Giter Site home page Giter Site logo

ls-tree's Introduction

LS-Tree: Feature Attribution and Interaction Detection for NLP Models

Code for replicating the experiments.

Dependencies

The code runs with Python 2.7 and requires Tensorflow 1.11.0, Keras 2.2.4 and nltk 3.3. Please pip install the following packages:

  • numpy
  • scipy
  • pandas
  • tensorflow
  • nltk
  • keras
  • scikit-learn
  • networkx

For experiments with LSTM and BERT, access to GPU is required.

Download Stanford Parser is required for all experiments.
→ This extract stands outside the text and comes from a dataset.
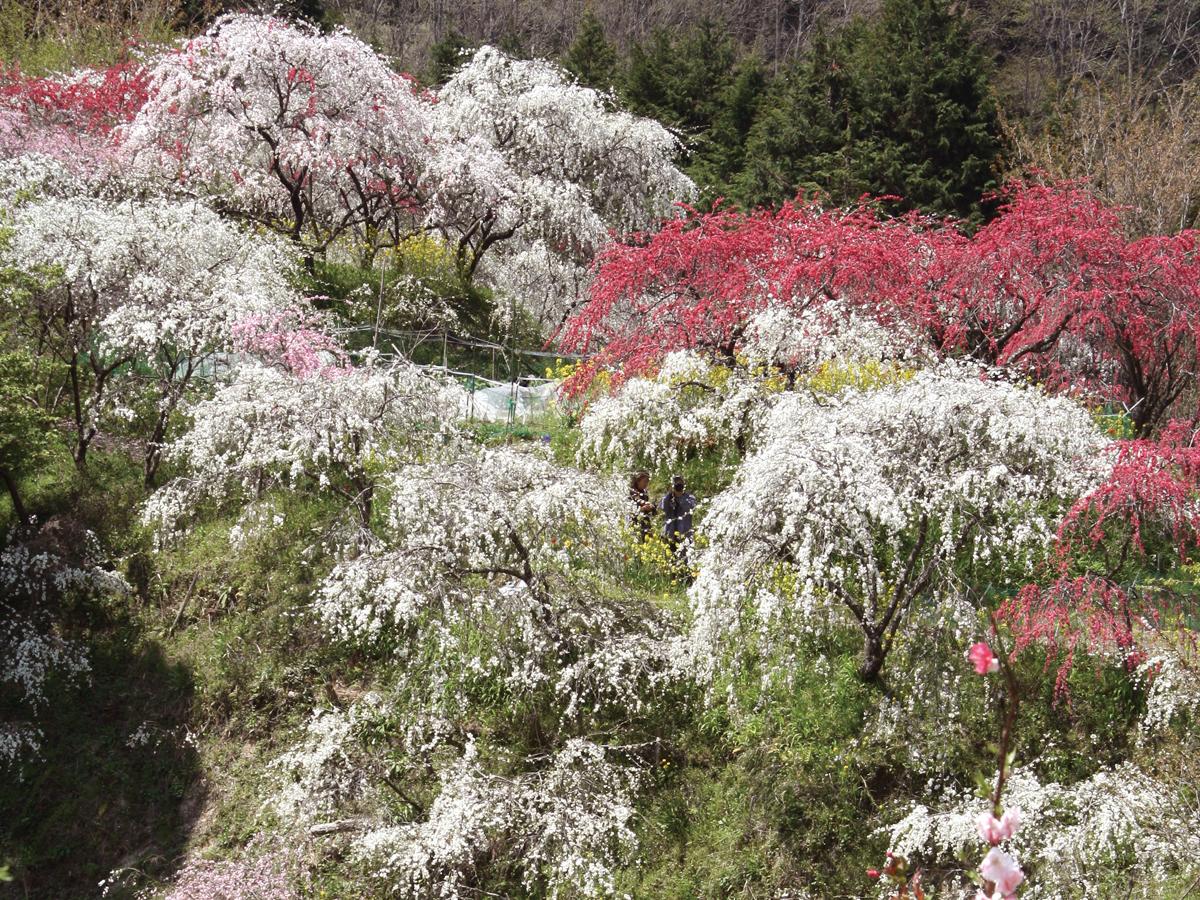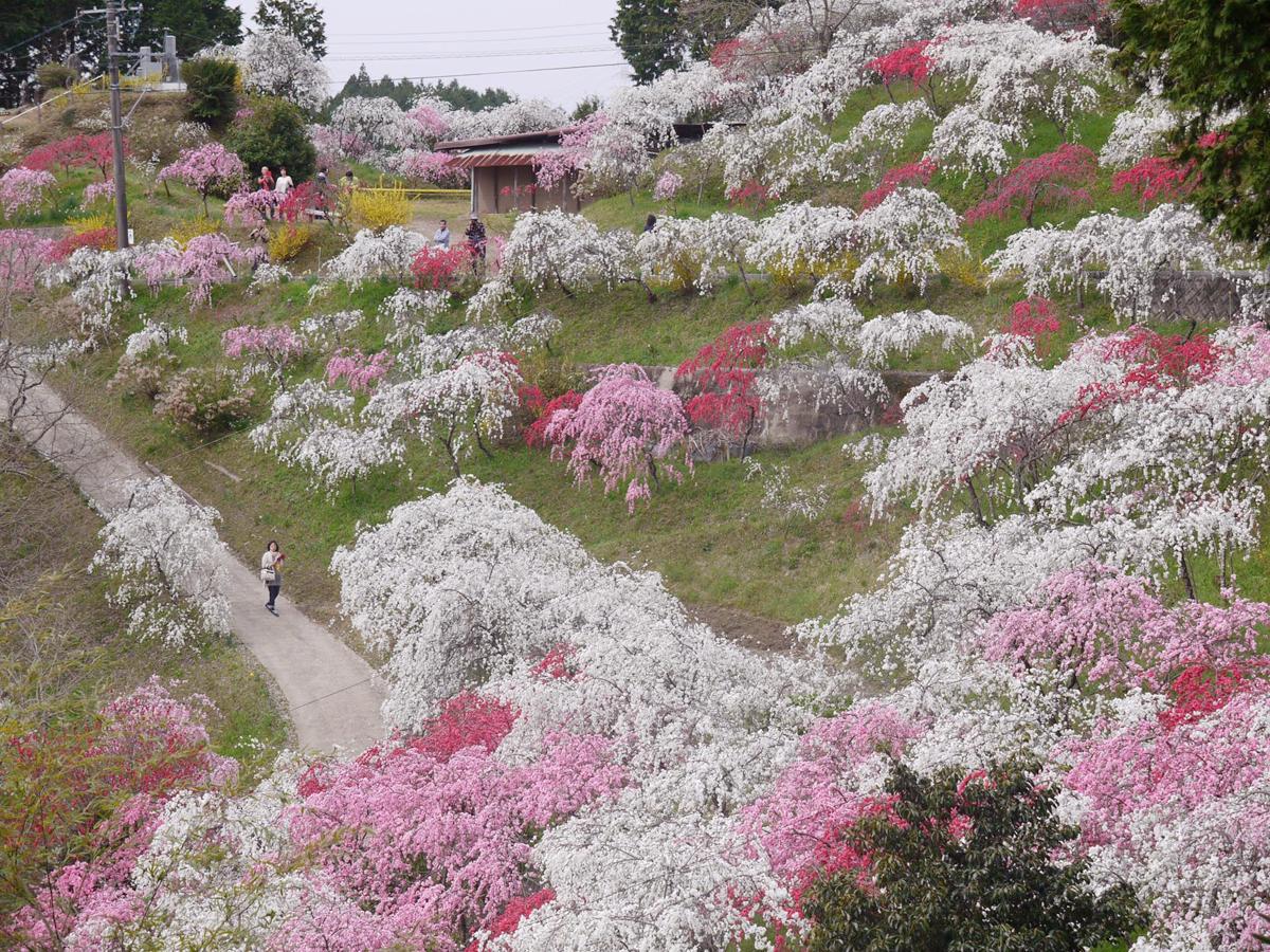 見頃に設置される臨時駐車場から、約1㎞続く散歩道の各所に、しだれ桃が美しく咲き誇っています。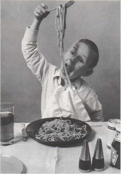 Los fideos para sopa son duros y delgados cuando se extraen del paquete. Pero antes de introducirlos en ese paquete parecían fideos ya cocidos, pues eran blandos y suaves como cuando los haces girar en el tenedor. En las fábricas de fideos trabajan muchas máquinas. Una de ellas mezcla la harina con agua hirviendo. Esta mezcla pasa a otra máquina en la que es transformada en una masa. Una tercera máquina prensa esta masa y la hace pasar por unos agujeritos que le dan la forma de largos fideos. |

The following is an example of how to run it (in the background).

###############################################
# Download from source.
wget http://nlp.stanford.edu/software/stanford-corenlp-full-2018-02-27.zip
# Unzip.
unzip stanford-corenlp-full-2018-02-27.zip -d ./

# Run the parser in the background.
cd stanford-corenlp-full-2018-02-27
java -mx4g -cp '*' edu.stanford.nlp.pipeline.StanfordCoreNLPServer -preload tokenize,ssplit,pos,lemma,ner,parse,depparse -status_port 9000 -port 9000 -timeout 15000  >/dev/null 2>&1 &
###############################################

Training of BERT.

For replicating experiments related to BERT, please follow the steps to download and train the model first:

Download and unzip the pre-trained BERT model.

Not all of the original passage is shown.